II.7.F. “The Laws of Manu”
India’s most famous early legal code, The Laws of Manu were compiled over the years between 200–400 C.E. While the position of women in early Vedic India had been good these laws illustrate the efforts of the Brahmin elite to restrict women’s legal independence in this later period
“Women must always be honored and respected by the father, brother, husband and brothers-in law who desire their own welfare.”
“If the female members live in grief, the family is destroyed. If the female members are happy, the family flourishes in all directions.”
“Women shall receive one-quarter share of the inheritance of their parents. If a man has no sons, his daughter may inherit everything he had.”
“Brothers should give one-forth of their inheritance to their sisters for their sisters’ dowries.”
“In childhood a female must be subject to her father, in youth to her husband, and when her lord is dead, to her sons; a woman must never be independent.”
“A father sins unless he marries his daughter off when she reaches puberty.”
“Women do not care for beauty, nor is their attention fixed on age; they give themselves to the handsome as well as to the ugly just for the fact that he is a man.”
“A husband should be worshiped as a God.”
“Even in the home nothing should be done by a child, a young or even an old wife (woman) independently.”
“A wife, a son, and a slave, these three are declared to have no property.
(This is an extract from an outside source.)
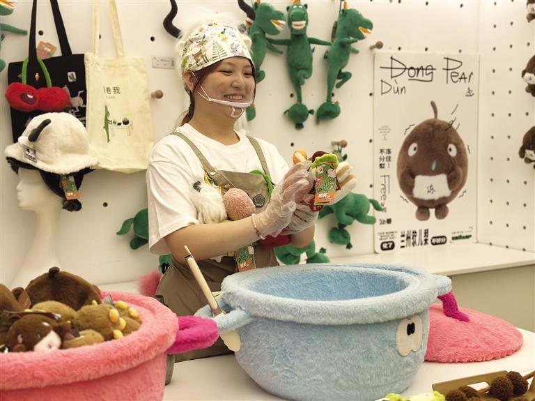 “麻辣燙沒(méi)有了,但是我買(mǎi)到砂鍋啦!”8月4日,外地游客張欣在朋友圈曬出在蘭州游玩時(shí)的購(gòu)物“戰(zhàn)績(jī)”。張欣口中的“麻辣燙”和“砂鍋”并非是餐桌上的美食,而是甘肅省博物館近期推出的系列文創(chuàng)產(chǎn)品。這毛茸茸的“麻辣燙”和“砂鍋”,靈感來(lái)源于地方特色美食,屬于館內(nèi)“甘肅(不)土特產(chǎn)”系列,一經(jīng)推出便大受歡迎。此外,還有“凍梨”“櫻桃”“黃芪”等萌物,一起被端上游客的“餐桌”。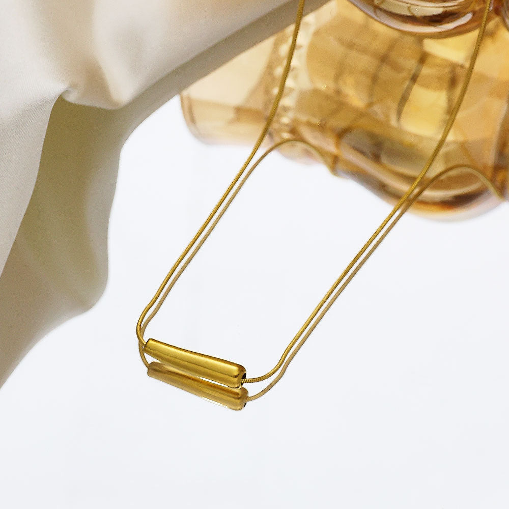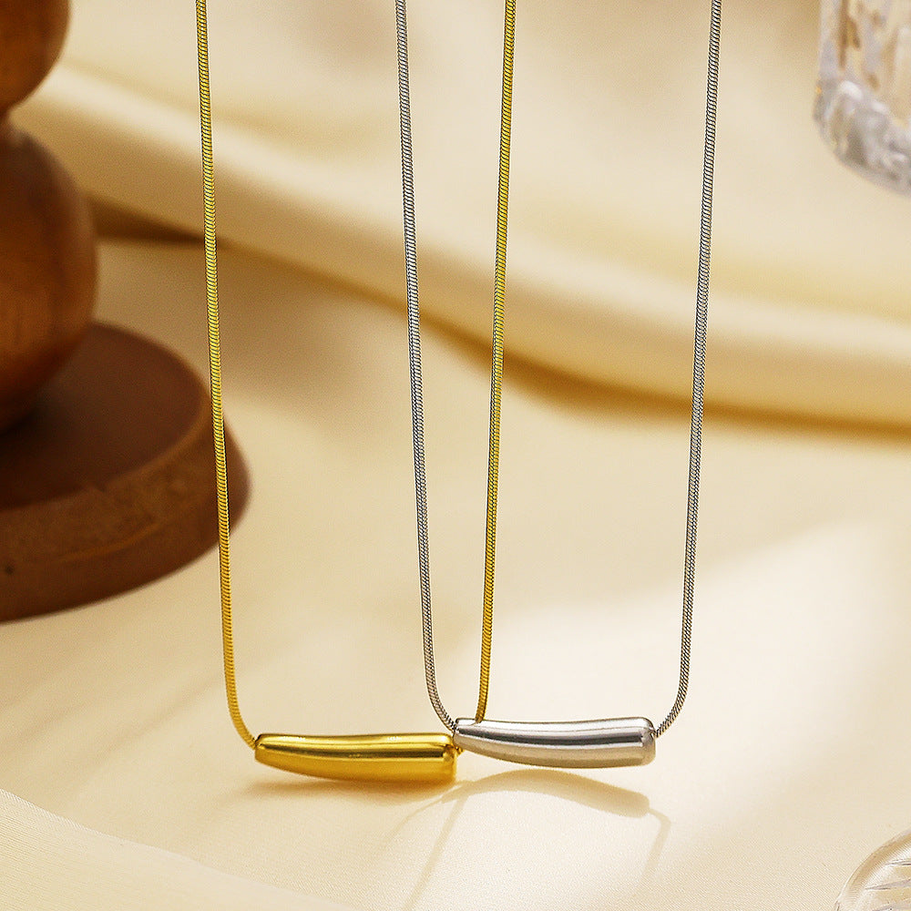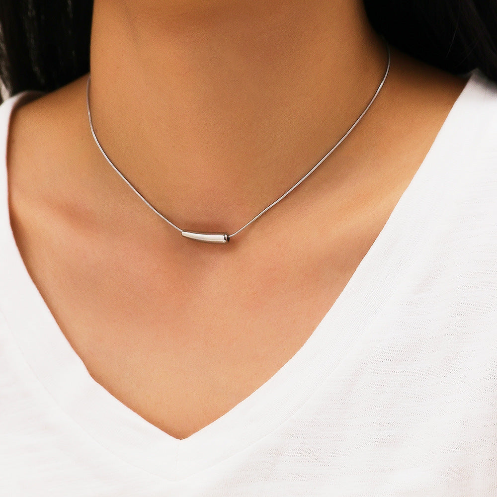 Stainless Steel Sweater Chain - Minimalist Geometric Bead Collarbone Chain, Irregular Eggplant & Smile Pendant Necklace for Wome

The wealth which they earn is acquired for him to whom they belong.”
“Women, shudra (or sudra, lowest of four castes), dog and crow embody untruth, sin and darkness.”
“Women must particularly be guarded against evil inclinations, however trifling they may appear to be; for, if they are not guarded, they will bring sorrow on both the families. Considering it the highest duty of all castes, even wealthy husbands must strive to guard their wives....lest the seed of others be sown on your soil.”
“It is the nature of women to seduce men in this world, for that reason the wise never remain unguarded in the company of female.”
“A woman should not go to a meeting place; and they should not dance like the young, but sit at their proper places.”
“This is the first law...A wife cannot be dismissed from the marriage by a slave, separation or abdication.”
“A man can leave a barren woman after eight years and one who only gives birth to daughters.”
“A virtuous wife who after the death of her husband constantly remains chaste, reaches heaven, though she have no son, just like those chaste men.”
“If a woman should happen to merely to overhear recitations of Vedic mantras by chance, hot molten glass should be poured into her ears.”